Farmer is one of the "jobless skool-kids." On June 29, a commenter named "Jan Supporter" on the politics blog HorsesAss referred to McGinn volunteers as "a bunch of jobless skool-kids roaming the blogs for him." It's been a point of pride for McGinn's core volunteers ever since. High on one wall in the office is a piece of paper for every major endorsement McGinn has won—the 34th District Democrats (a dual endorsement with Nickels, a victory for McGinn in Nickels's home district), the 36th District and 37th District Democrats (dual endorsements with Mallahan), the Metropolitan Democratic Club (dual endorsement with Mallahan), and the Sierra Club (sole endorsement, though that's to be expected). Next to all the rest: a piece of yellow lined notebook paper with the words "The Jobless Skool-Kids" written in block letters and covered in autographs.

Ainsley Close, another of the jobless skool-kids—she's got the summer off from grad school in environmental studies and has agreed to defer enrollment if McGinn makes it through the primary—points to it, smiling. "It was pretty awesome. We're like, yeah, we'll take that." She adds, "Be sure to spell it with a k."

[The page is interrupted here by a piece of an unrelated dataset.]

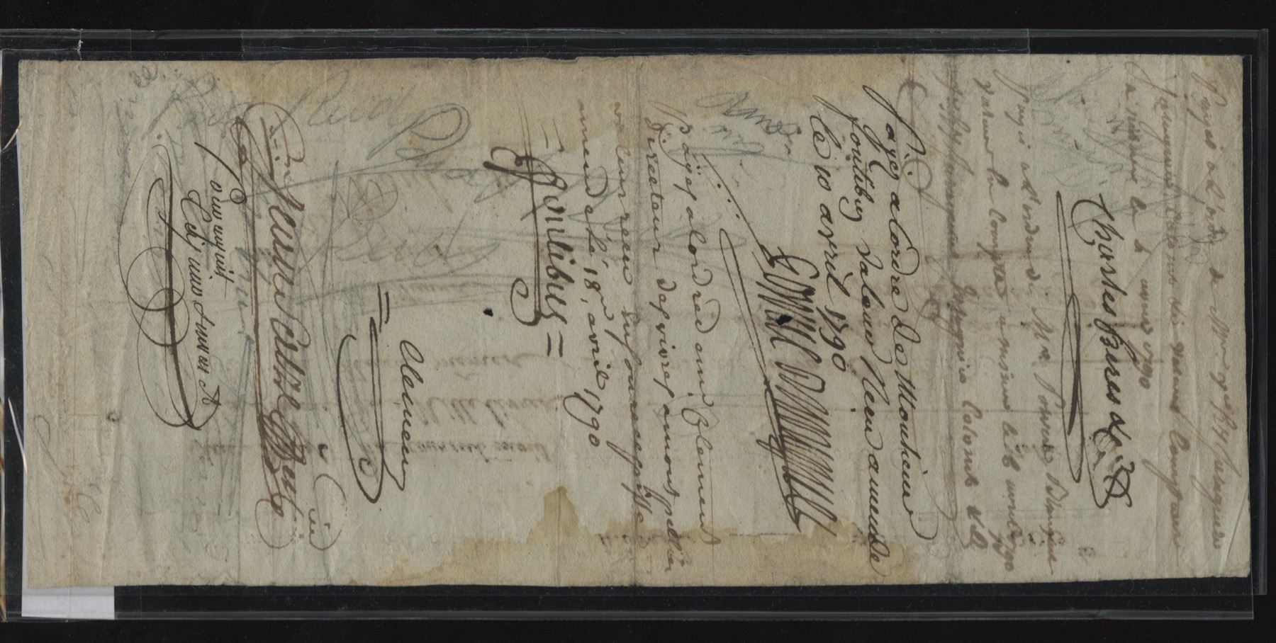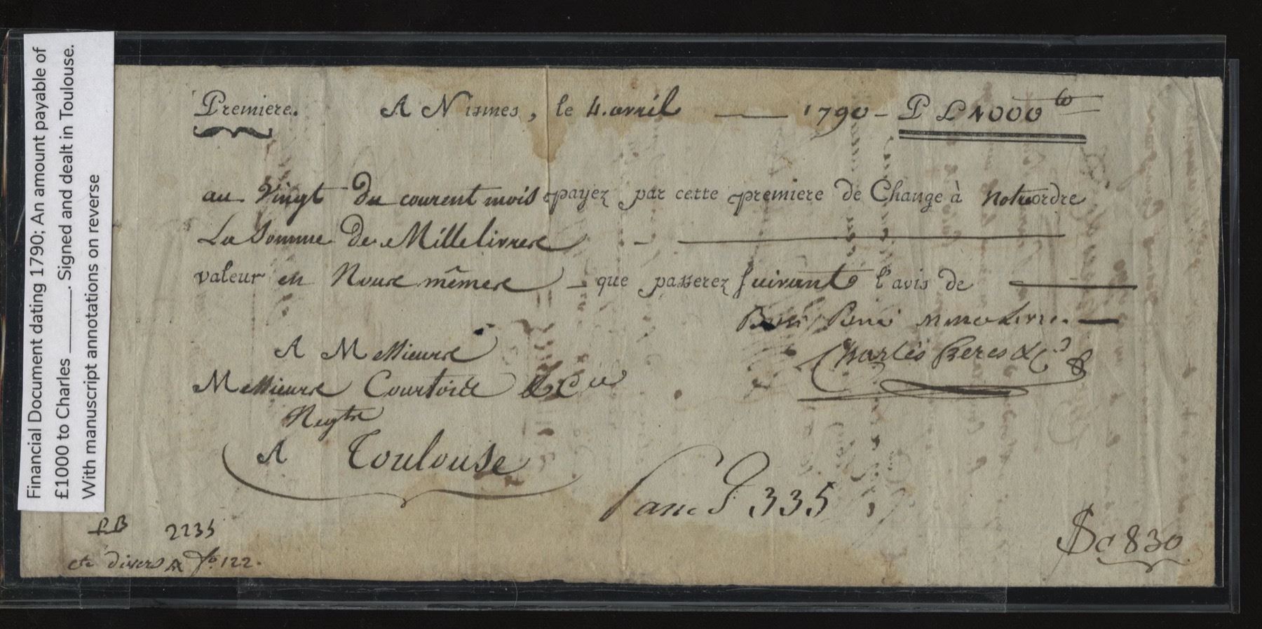 A 1790 French first bill of exchange for L 1000 signed at Toulouse. There are several notes scribbled on the reverse but nevertheless an interesting document.

None of the jobless skool-kids (in their 20s and 30s, mostly) seem daunted by their candidate's underdog status—at least they don't when reporters ask. Farmer says, "Nobody's polling. Nobody's polling this race. So no one knows what's going on." He questions the methodology of the SurveyUSA polls, saying, as far as he understands, that respondents were asked if they vote in the primary, and if they said yes, their answer counted—a less accurate picture of primary voters than calling only voters who actually voted in the last primary. (SurveyUSA hasn't responded to a request for comment yet.)

But it has been difficult getting people to care about the mayor's race, Elliott Day, a fellow jobless skool-kid, concedes. "A lot of my friends—even I had a difficult time getting them interested. It's the summer. It's an earlier primary than ever. And, this is just my theory, but maybe people are electioned out after last year."

At a volunteer-appreciation party at McGinn's house in Greenwood on Saturday, July 25, I ask him, for the hundredth time, if he's going to make it through the primary. "We're going to make it, we're going to make it," he says, his face all optimism. "We've dialed 5,000 homes already. That's a lot of personal phone calls compared to other campaigns." His dining-room table is piled with T-shirt-making stencils and paint. One of the shirts is the Guinness logo slightly modified (white letters, gold harp, black background). "Isn't that great?" he says, laughing. "That's working. That's working." recommended

This story has been updated since its original publication.